Title
11. Spelling Checker
This assignment is about implementing an Abstract Data Type (ADT) for a Dictionary – which is simply a collection of unique words.
The interface for the ADT exposes four functions:
/* Create empty dic */ dic* dic_init(int size);
/* Add one element into the dic */ void dic_insert(dic* s, char* v);
/* Returns true if v is in the array, false elsewise */ bool dic_isin(dic* s, char* v);
/* Finish up */ /* Clears all space used, and sets pointer to NULL */ void dic_free(dic** s);
We will implement the Dictionary ADT using two ‘rival’ techniques – the Binary Search Tree (BST) and using Hashing.
One file is provided to test these two approaches. This is called spl.c and reads in a file of correctly spelt words (argv[1]) and then a list of words to check (argv[2]). The program then prints out all words in the second file that are incorrectly spelt.

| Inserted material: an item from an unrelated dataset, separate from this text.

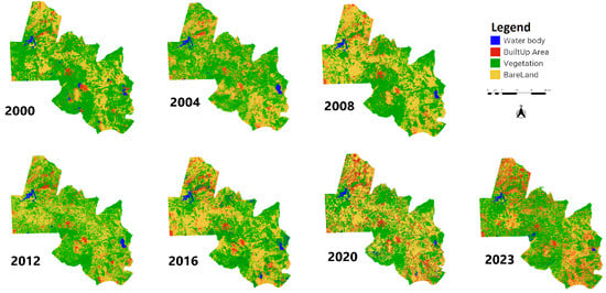 The datasets from Landsat serial time that were collected throughout the study region over the course of the last 24 years using the Landsat sensors mentioned above are offered at the following intervals: 2000, 2004, 2008, 2012, 2016, 2020, and 2023.

Whilst I provide spl.c, you need to provide the dictionary implementation that this program uses. These are the BST approach bst.c/bst.h and the Hashing approach hsh.c/hsh.h. You will compile spl.c along with each of these two files in turn, to create two executables that perform the same task, but using different underlying methodologies. Much of the compilation is dealt with by the provided Makefile; this also specifies which header file (bst.h or hsh.h) to put at the very top line of spl.c using the -include compile option.
BST Hashing
2 Chapter 11. Spelling Checker 11.1 BST
The BST stores keys in an ordered manner (‘smaller’ to the left, and ‘larger’ to the right of the root node). How ‘smaller’ and ‘larger’ are defined is up to the implementation. No key may be stored twice (i.e. they are unique).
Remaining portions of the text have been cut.